Should the punishment be severe or light? (Light allows for civil disobedience to be not excessively punished) The punishment for taking naughty pix/vids without permission )(SDCL 22-21-4) is a Class 1 misdemeanor if you are 21 or older and do it to someone 17 or younger. The recordings we’re talking about outlawing under HB 1196 are not as bad as illicit locker room pix or revenge porn… are they? If the comparison holds, Class 2 misdemeanor would be an acceptable upper-bound punishment.
Why are kids being allowed to have these devices in class? Can cameras be turned off on tablets that are issued by the school?
Sure, Chip. The tech desk can disable all sorts of features.
But then we get into the tricky question: why have the tech in the classroom if we’re going to deny ourselves all the tools they offer to advance learning?
Consider that tablet camera. Maybe three kids are out with the flu. I might want my students to record the lecture so they can share it with their sick friends.
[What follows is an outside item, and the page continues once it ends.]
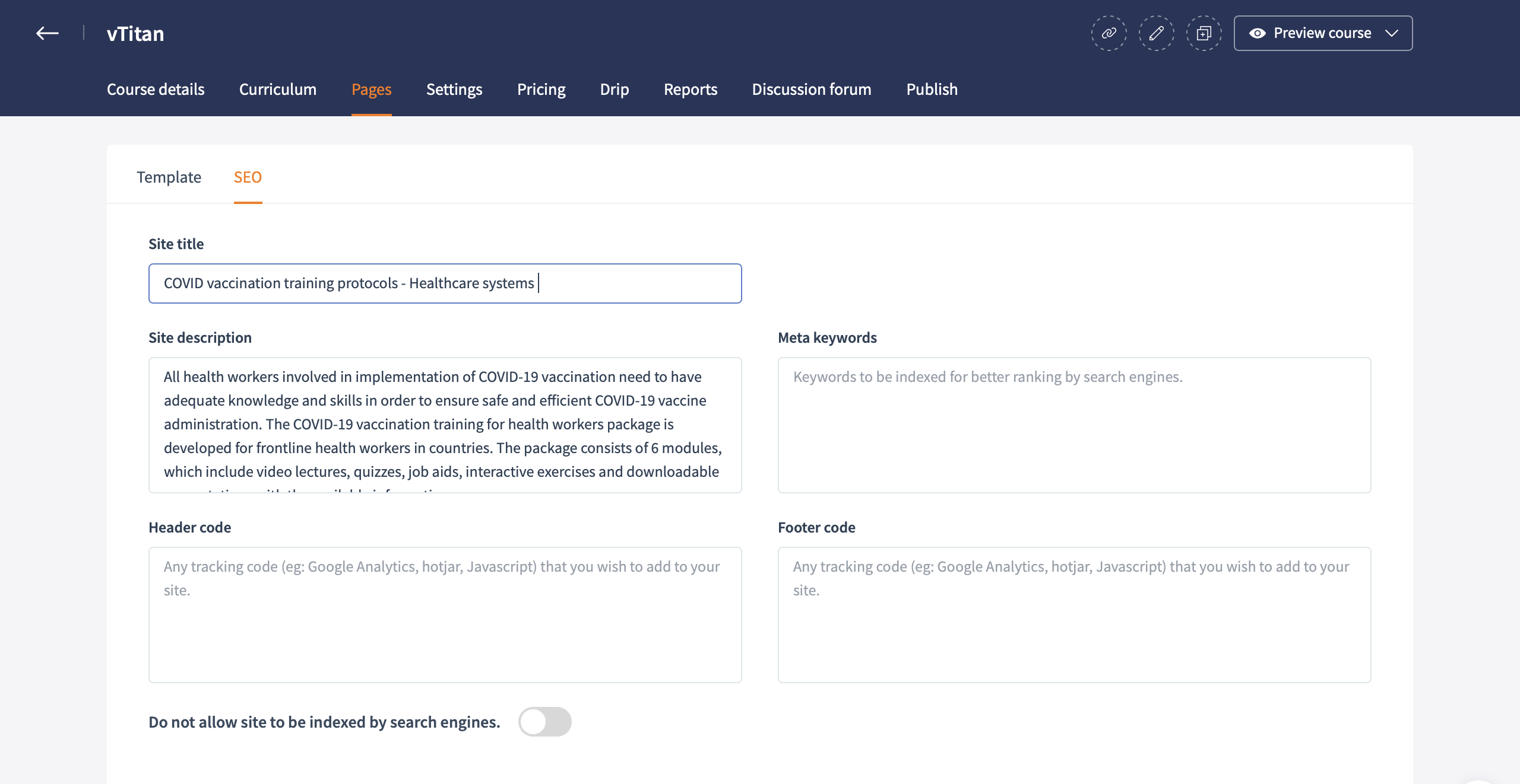 If for any reason you do not want your site to be indexed by search engines, you can always go to "Do not allow site to be indexed by search engines" and toggle that setting on. This could be useful when your course is not quite ready to take in learners yet or your PR activities might still be in the funnel for the grand launch of your courses. For whatever reason, you can easily choose to NOT show your school site in any search engine's results if you wish.
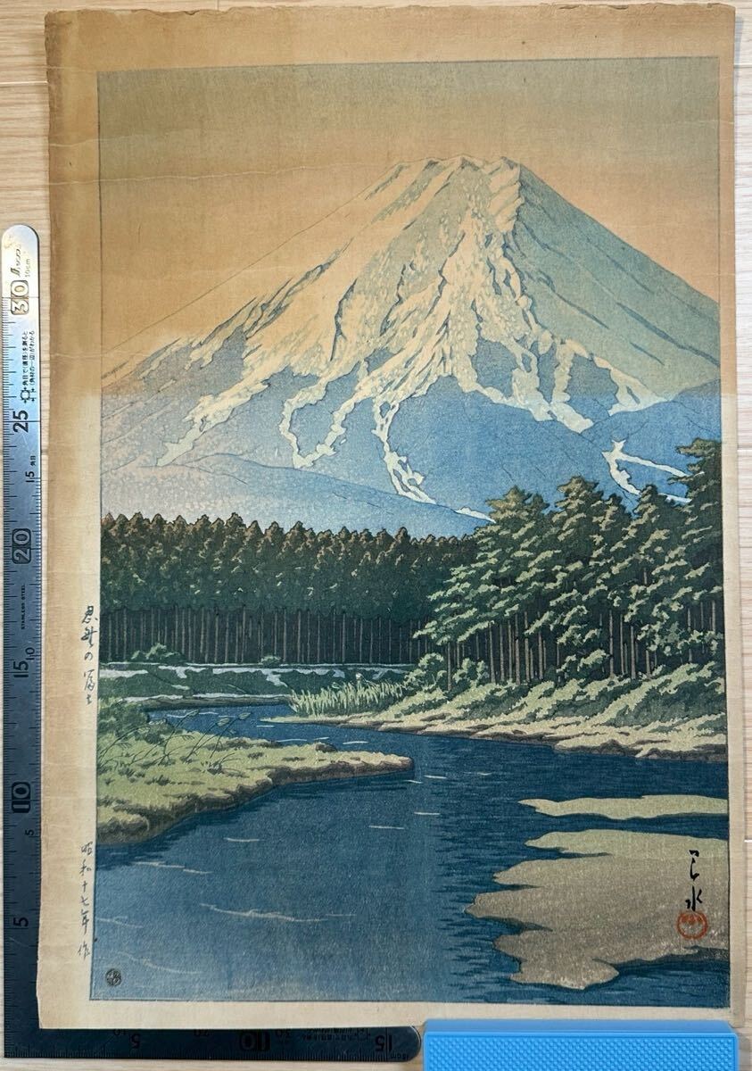 - 【真作】忍野の富士 6mm印 昭和十七年 川瀬巴水 浮世絵 ukiyo-e 木版画 新版画 名所絵 風景画 富士山 中国唐物唐本 古筆古文書和本 #1733

Maybe I’ve got students can study better by listening to a recording of the lecture instead of taking written notes. (Don’t get me wrong: I think note-taking is a valuable learning skill, far superior to listening to any recording over and over, but I’ll entertain alternative learning styles.) Maybe I put a map or a diagram on the board that students want to photograph and add to their notes.
Such activities are still possible under HB 1196: the teacher gives permission, the administration gives permission—boom! we’re in business. When we disable the technology, we lose the chance to lose it. So if you give me a choice, I take the policy option of HB 1196 over the total tech restriction.
Part of education is learning to use technology appropriately. I’d like to believe that if we let kids use phones, tablets, laptops, and the Internet in class, we can do a lot of good education. But I also recognize that an open technology policy in the classroom requires constant vigilance and enforcement.
I thought the problem was these nuisance kids videotaping or recording teachers in the room with their own recorders. Like the way some phones might do. A teacher slam’s one kid and his buddy records it all out of context, or one mean girl takes a picture of the teacher with her mouth all agape and a buttock hanging just wrong or picking up an eraser or something and puts it on the face books and you’ve got an entire mockery going on. We can’t have that, it’s even more important than paying our best teachers more that we treat them with respect.
I agree Cory, and anything we can do to help protect teachers is great with me. A couple other thoughts tho… First off, if we extend this courtesy to our teachers will law enforcement be expecting the same? How about legislators? The ‘crickets’ video may become grounds for being charged at some point in time if we take this path. Also on the learning process, something needs to be said for teaching retention. How many phone #’s do you remember anymore? If you’re like me, none.
On the other hand, another option would be setting up a permanent camera in classrooms where lectures are recorded and accessed through a school website for a period of time. This would work well for students who are sick or possibly leave an option for schools to not run busses and still hold classes when weather does not cooperate.